# Show us your rig



## geezuphosdn (Jun 5, 2006)

Post a picture of:

1. Your rig (camera/lens setup etc), which I realize taking a picture of your camera can be tricky.
2. One of your favorite pictures taken with said camera
3. A brief description of the rig
4. Explain why you love it.


----------



## Arlon (Feb 8, 2005)

geezuphosdn said:


> Post a picture of:
> 
> 1. Your rig (camera/lens setup etc), which I realize taking a picture of your camera can be tricky.
> 2. One of your favorite pictures taken with said camera
> ...


Not tricky at all. Small mirror and the self timer..










And a favorite picture? 









The best camera is the one you have when you need it. My pocket cam is always in my pocket or someplace equally close by. This picture was taken 10 minutes after paying for a bunch of car repair. I simply emailed to the dealer with a short note. They had a tow truck in my driveway within 30 minutes. One picture saved me a bunch of time yelling on the phone and maybe saved me more than the cost of the camera (shot yesterday).

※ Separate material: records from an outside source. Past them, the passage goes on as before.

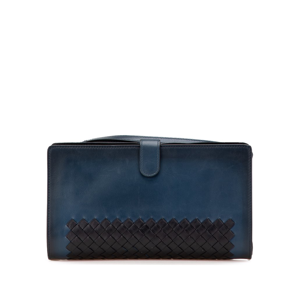 This clutch bag features a nappa leather body with woven details, a flat leather wrist strap, a top strap with a clasp closure, a zip compartment, an exterior back zip pocket, and interior zip and slip pockets.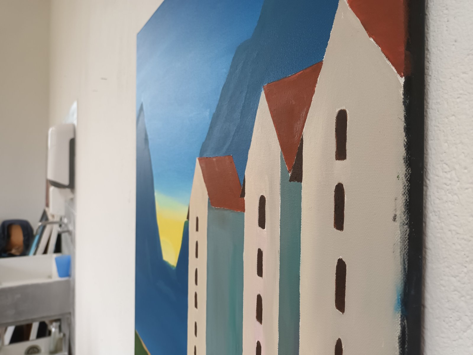 The painting depicts an impressive landscape scene bathed in the soft light of evening. Three large houses dominate the picture – they rise up like mighty towers and their shape is reminiscent of castles or fortresses. In the background, majestic mountains rise up, their silhouettes slowly blurring in the haze of the warm glow of the setting sun. The evening light bathes the entire scene in golden and purple tones, creating a calm, almost mysterious atmosphere. The combination of monumental architecture and impressive natural scenery conveys a quiet, contemplative mood and leaves room for personal interpretation.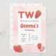 Convite de aniversário temático de morango. Letreiro brilhante com morangos. Detalhe de bolinhas doce no verso. Vermelho e rosa. Perfeito para o segundo aniversário de bebê ou criança. Edite facilmente o texto moderno e divertido. Combina com tema de festa tutti fruity / twotii fruity ou tema berry sweet. Encontre acessórios correspondentes na loja Gemma Harlow Creations ou transfira o design para seus produtos favoritos.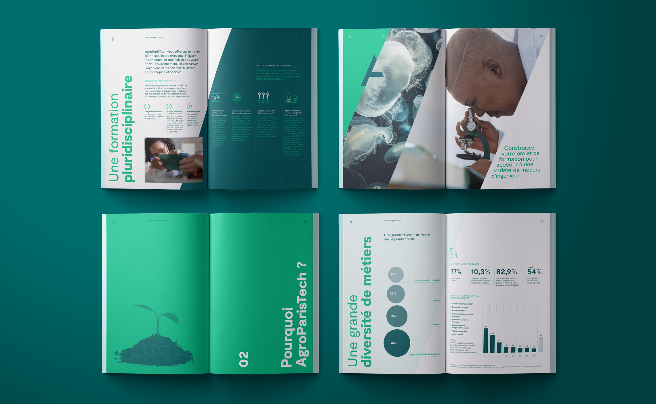 Ce projet est aussi l’occasion de renforcer l’institut en fédérant l’ensemble des équipe autour de valeurs communes. La nouvelle charte graphique inaugure ainsi une architecture de marque qui décline le logotype « mère » pour créer un ensemble de marques filles cohérentes avec le territoire graphique de la marque « AgroParisTech » (logos campus, centres, Innlabs, communautés). Nous espérons que cette identité commune et partagée sera vécue comme une source de fierté et qu’elle contribuera au développement du rayonnement et de l’excellence d’AgroParisTech.

I use the pocket cam like a note taker. I shoot pics of signs, peoples yards that have nice landscaping, restaurant menus and food from places I want to be sure to revisit.. The pocket cam is more like a tool than just something to capture pretty images. The pocket cam rocks!










Just a reminder about the best chicken fried steak I've ever eaten (El Capitan in Van Horn Texas)..


----------



## MT Stringer (May 21, 2004)

I have been using the Canon 7D w/300 f/2.8 for field sports (football, field hockey, etc). It works very well. With the 1.6x crop sensor for this body, I get the focal length of 480mm.

Helps me get closer to the huddle.


----------